‘It’s So Intense To Love Someone’ – a Q&A with Billie Eilish
An interview with the 17-year-old artist in 2019, the year she blew up.
© Lars Crommelinck Photography
Whenever you do a ~ new artist ~ profile, you don’t know whether you’re interviewing a future genius, a stratospheric one-hit wonder or someone who will always remain on the peripheries of culture, never quite getting their dues or proving that their work is more than worthy of a look in. This isn’t something I actively think – if I like the music and think they’re an interesting person, who cares. But while you’re considering them as an artist and how they fit into the wider musical landscape, you naturally wonder how they’ll be received and project them, along with their work, into the future.

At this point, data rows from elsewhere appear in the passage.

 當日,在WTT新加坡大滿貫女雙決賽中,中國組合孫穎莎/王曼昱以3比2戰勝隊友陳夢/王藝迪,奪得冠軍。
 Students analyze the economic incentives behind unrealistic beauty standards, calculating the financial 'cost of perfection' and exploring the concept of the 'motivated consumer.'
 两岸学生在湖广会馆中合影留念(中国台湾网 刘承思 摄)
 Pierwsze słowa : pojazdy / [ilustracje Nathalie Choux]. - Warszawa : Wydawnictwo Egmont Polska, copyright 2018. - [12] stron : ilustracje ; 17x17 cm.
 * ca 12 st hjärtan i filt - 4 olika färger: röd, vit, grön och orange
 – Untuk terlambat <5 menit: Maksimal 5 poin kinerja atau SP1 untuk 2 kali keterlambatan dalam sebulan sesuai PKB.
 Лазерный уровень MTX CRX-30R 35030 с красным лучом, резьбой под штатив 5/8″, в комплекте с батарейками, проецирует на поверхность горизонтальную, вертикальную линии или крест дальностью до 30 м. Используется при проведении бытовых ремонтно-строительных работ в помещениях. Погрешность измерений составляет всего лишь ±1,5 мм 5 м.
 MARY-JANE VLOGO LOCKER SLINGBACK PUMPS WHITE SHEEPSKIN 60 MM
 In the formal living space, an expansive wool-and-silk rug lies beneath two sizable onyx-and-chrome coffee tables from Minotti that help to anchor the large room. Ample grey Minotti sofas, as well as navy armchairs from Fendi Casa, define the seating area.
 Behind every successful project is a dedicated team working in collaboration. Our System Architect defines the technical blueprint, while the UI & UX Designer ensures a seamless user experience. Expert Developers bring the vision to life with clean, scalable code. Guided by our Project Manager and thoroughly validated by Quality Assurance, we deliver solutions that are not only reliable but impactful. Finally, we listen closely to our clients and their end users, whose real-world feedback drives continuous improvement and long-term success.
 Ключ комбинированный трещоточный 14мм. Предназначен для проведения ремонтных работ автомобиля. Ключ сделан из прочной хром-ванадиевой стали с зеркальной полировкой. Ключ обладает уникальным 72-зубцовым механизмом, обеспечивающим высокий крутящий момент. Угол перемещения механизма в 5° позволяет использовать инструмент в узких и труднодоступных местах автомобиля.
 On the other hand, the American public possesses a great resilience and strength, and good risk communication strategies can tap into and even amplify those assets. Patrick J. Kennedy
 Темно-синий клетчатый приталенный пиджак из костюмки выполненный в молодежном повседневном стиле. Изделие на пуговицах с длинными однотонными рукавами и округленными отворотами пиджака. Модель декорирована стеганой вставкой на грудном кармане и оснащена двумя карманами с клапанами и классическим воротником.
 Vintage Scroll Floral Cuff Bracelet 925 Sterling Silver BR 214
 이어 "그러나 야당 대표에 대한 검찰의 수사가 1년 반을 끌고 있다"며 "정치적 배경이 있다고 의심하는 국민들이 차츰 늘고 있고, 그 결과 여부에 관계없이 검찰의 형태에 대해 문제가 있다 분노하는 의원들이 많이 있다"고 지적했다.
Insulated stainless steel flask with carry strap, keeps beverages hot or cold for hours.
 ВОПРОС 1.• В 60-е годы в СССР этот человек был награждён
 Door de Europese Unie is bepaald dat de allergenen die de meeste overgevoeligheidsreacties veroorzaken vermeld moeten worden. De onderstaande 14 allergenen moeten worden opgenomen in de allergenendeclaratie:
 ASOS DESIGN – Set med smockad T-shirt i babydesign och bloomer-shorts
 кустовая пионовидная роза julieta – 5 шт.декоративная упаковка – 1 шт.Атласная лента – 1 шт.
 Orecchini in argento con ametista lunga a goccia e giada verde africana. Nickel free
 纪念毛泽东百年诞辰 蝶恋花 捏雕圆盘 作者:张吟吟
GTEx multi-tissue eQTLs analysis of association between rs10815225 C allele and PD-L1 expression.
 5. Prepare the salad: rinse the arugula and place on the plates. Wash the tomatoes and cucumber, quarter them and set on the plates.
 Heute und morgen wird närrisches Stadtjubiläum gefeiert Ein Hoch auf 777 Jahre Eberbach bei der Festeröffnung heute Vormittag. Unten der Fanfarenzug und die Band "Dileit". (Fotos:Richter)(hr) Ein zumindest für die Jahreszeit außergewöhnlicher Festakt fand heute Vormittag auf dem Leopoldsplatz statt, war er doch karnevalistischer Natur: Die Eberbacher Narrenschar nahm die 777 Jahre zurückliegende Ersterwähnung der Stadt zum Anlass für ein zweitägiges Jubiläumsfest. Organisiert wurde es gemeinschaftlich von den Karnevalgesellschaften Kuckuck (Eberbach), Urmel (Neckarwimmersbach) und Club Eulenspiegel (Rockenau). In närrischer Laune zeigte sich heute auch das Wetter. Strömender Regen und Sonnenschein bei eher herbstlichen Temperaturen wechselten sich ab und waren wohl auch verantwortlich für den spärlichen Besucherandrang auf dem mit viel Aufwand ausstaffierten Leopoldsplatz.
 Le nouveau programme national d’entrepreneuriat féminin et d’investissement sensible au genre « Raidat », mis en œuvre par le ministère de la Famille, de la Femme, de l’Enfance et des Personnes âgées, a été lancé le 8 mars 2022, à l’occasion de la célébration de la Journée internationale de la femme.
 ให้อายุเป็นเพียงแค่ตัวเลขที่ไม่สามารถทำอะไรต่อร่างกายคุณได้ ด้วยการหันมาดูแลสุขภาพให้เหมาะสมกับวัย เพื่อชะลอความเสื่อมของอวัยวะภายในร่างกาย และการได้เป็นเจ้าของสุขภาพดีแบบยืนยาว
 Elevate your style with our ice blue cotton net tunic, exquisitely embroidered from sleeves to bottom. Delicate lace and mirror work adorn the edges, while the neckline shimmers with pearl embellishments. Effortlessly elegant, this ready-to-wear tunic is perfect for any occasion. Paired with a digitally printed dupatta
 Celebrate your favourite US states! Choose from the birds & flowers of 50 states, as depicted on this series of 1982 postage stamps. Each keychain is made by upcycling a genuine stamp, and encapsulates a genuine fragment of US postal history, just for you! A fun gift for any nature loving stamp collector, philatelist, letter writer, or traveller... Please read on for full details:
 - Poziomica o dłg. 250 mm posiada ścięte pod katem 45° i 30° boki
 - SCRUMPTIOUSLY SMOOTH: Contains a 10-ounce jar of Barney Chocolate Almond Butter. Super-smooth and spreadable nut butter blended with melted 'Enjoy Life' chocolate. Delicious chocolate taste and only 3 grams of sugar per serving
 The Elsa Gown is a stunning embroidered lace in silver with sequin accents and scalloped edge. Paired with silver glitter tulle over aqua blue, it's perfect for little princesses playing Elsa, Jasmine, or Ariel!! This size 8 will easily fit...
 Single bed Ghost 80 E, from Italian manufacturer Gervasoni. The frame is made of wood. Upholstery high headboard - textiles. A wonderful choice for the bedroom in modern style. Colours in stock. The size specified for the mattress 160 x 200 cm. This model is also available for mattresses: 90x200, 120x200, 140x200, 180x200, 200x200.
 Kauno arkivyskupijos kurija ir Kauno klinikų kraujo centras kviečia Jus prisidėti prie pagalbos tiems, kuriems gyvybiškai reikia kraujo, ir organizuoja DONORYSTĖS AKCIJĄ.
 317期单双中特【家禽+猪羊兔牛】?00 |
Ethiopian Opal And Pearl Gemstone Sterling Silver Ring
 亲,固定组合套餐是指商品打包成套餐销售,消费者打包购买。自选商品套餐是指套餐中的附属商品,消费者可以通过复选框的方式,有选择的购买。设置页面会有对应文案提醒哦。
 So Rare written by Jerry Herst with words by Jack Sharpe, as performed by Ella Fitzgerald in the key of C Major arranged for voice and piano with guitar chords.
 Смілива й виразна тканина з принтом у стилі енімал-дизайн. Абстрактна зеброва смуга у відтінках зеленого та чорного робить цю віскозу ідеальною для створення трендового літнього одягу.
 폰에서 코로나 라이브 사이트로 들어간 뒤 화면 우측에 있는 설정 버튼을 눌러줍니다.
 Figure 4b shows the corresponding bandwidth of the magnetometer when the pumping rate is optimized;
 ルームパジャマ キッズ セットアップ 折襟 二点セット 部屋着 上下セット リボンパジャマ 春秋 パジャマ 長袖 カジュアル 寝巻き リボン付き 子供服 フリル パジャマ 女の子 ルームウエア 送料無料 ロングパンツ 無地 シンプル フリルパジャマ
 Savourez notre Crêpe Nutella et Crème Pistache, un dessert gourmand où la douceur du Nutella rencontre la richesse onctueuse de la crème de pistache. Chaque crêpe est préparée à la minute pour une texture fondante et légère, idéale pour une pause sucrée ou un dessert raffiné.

Occasionally you meet someone just at the brink of them being famous, really fucking famous. You look back on it and know that even a year, six months later, that interview would never have happened. That was how it felt after speaking to Billie Eilish at the start of 2019 for the Guardian.
Teenagers knew who she was, adults didn’t. She was about to release When We All Fall Asleep, Where Do We Go? and was already being touted as the first Gen Z pop icon, the next young person to exemplify and embody a generation’s specific flavour of angst and insecurities. In the slither of time between meeting her and the Guardian ‘Film and Music’ cover coming out, she had basically become a household name.
Here are some outtakes from the interview: being painfully obsessed with Justin Bieber, not feeling safe onstage and a really heartfelt extended part about why she can’t love someone who is ruining their life with drugs.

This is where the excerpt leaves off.